Background
Share capital refers to the portion of a company’s equity that has been obtained by selling its shares to investors. It serves as a vital indicator of a company’s financial base, determining the equity it has procured to sustain operations and grow.
Historical Context
The concept of share capital has its roots in the early days of corporate formation, when companies began to seek external sources of finance from investors rather than relying solely on their founders or debt. The issuance of share capital corresponds with the advent of joint-stock companies in the 16th and 17th centuries.
Definitions and Concepts
Authorized Share Capital
Authorized share capital is the total monetary value of shares that a company is allowed to issue according to its memorandum of association.
Issued Share Capital
Issued share capital is the portion of authorized share capital that the company has actually issued or sold to shareholders.
Nominal Value (Par Value)
The nominal value is the face value of the shares as stated in the memorandum of association. This is not necessarily the market price.

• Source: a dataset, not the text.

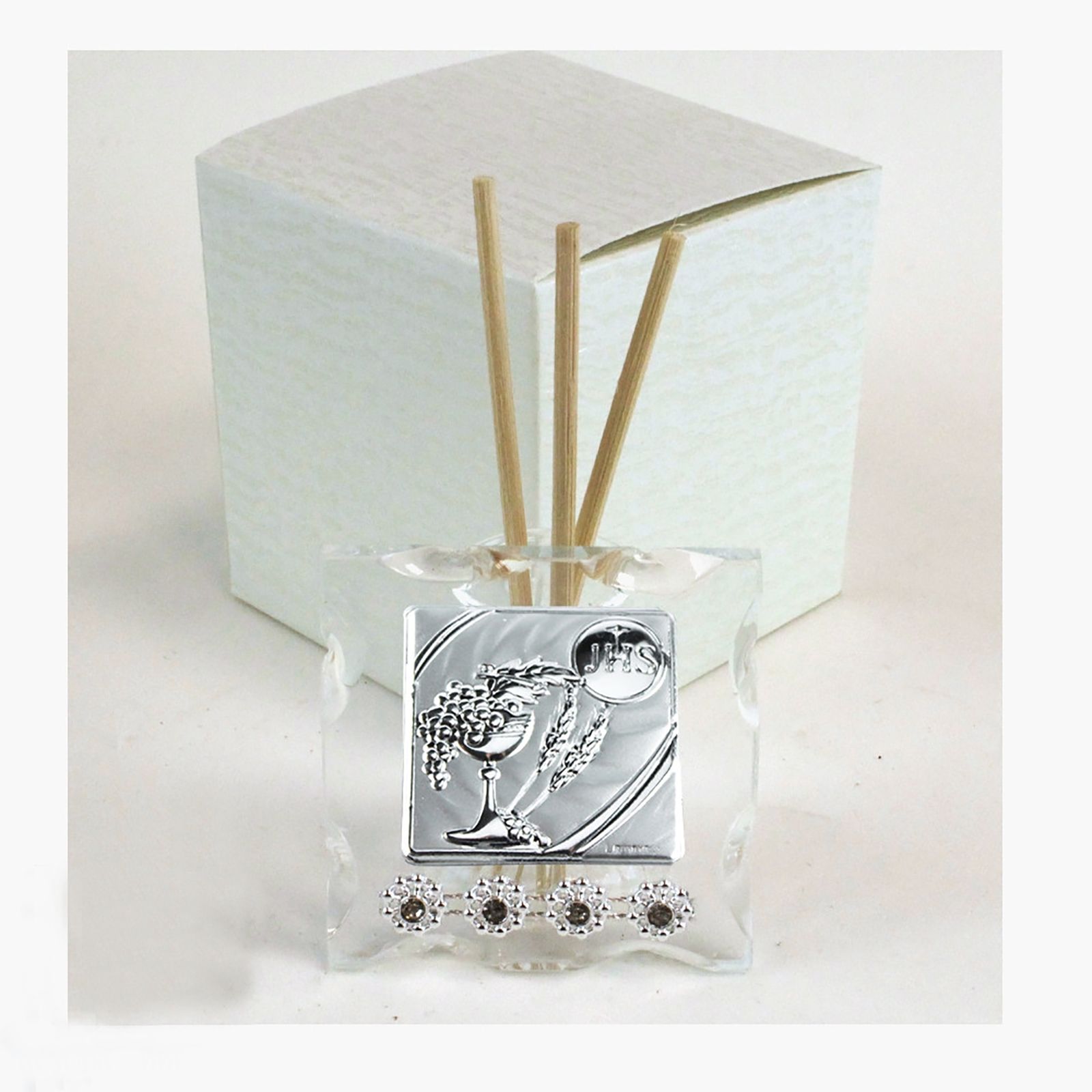 Scegli questi incantevoli profumatori per ambienti in vetro con fiala, che presentano sulla parte frontale una piastrina in lamina argentata con incisione a sbalzo raffigurante calice, spighe di grano e uva, tre simboli della Comunione. Sotto la lamina sono presenti 4 strass brillanti.

Major Analytical Frameworks
Classical Economics
In classical economics, share capital is indicative of the contribution of entrepreneurs toward production factors like labor and capital to create economic value.
Neoclassical Economics
From a neoclassical perspective, firms seek to optimize their capital structure including share capital to maximize shareholders’ wealth under conditions of perfect and imperfect markets.
Keynesian Economics
Keynesian economists may regard share capital as a means through which firms achieve long-term investments, boosting aggregate demand and economic activity.
Marxian Economics
Marxian economics scrutinizes share capital in the context of ownership, emphasizing the control and distribution of profits derived from workers’ labor.
Institutional Economics
Institutional economists analyze share capital within the frameworks of legal and corporate governance, understanding how it interacts with various institutional arrangements.
Behavioral Economics
Behavioral economics evaluates how the perception of share capital and market sentiment influence investor behavior and decision-making under conditions of risk and uncertainty.
Post-Keynesian Economics
Post-Keynesians might emphasize the historical and social context of share capital, considering its role in finance, speculative bubbles, and economic cycles.
Austrian Economics
Austrian economics regards share capital through the lens of entrepreneurial ventures, focusing on individual actors and the capital’s subjective utility and opportunity costs.
Development Economics
In developing economies, share capital is essential for funding industrialization, providing a lever for economic development and structural transformation.
Monetarism
Monetarists would consider how changes in share capital can influence aggregate demand and the broader financial system, directly impacting inflation, and employment levels.
Comparative Analysis
Comparing different economic frameworks provides diverse insights into the concept of share capital. While classical theories focus on business formation and scale, behavioral perspectives highlight the impact of investor sentiment.
Case Studies
Various case studies highlight how changes in share capital can affect a company’s trajectory. Examples include initial public offerings (IPOs) transforming private firms into public entities, requiring substantial disclosures and regulatory compliance.
Suggested Books for Further Studies
- “Modern Corporate Finance: Theory and Practice” by Graham and Dodd
- “Corporate Finance” by Jonathan Berk and Peter DeMarzo
- “Capital Ideas: The Improbable Origins of Modern Wall Street” by Peter L. Bernstein
Related Terms with Definitions
- Equity: The ownership value of shareholders after all liabilities have been deducted.
- Dividend: A portion of a company’s earnings distributed to shareholders.
- Initial Public Offering (IPO): The process of offering shares of a private corporation to the public in new stock issuance.
- Capital Gain: An increase in the value of an asset or investment over time.
- Corporate Governance: The system by which companies are directed and controlled.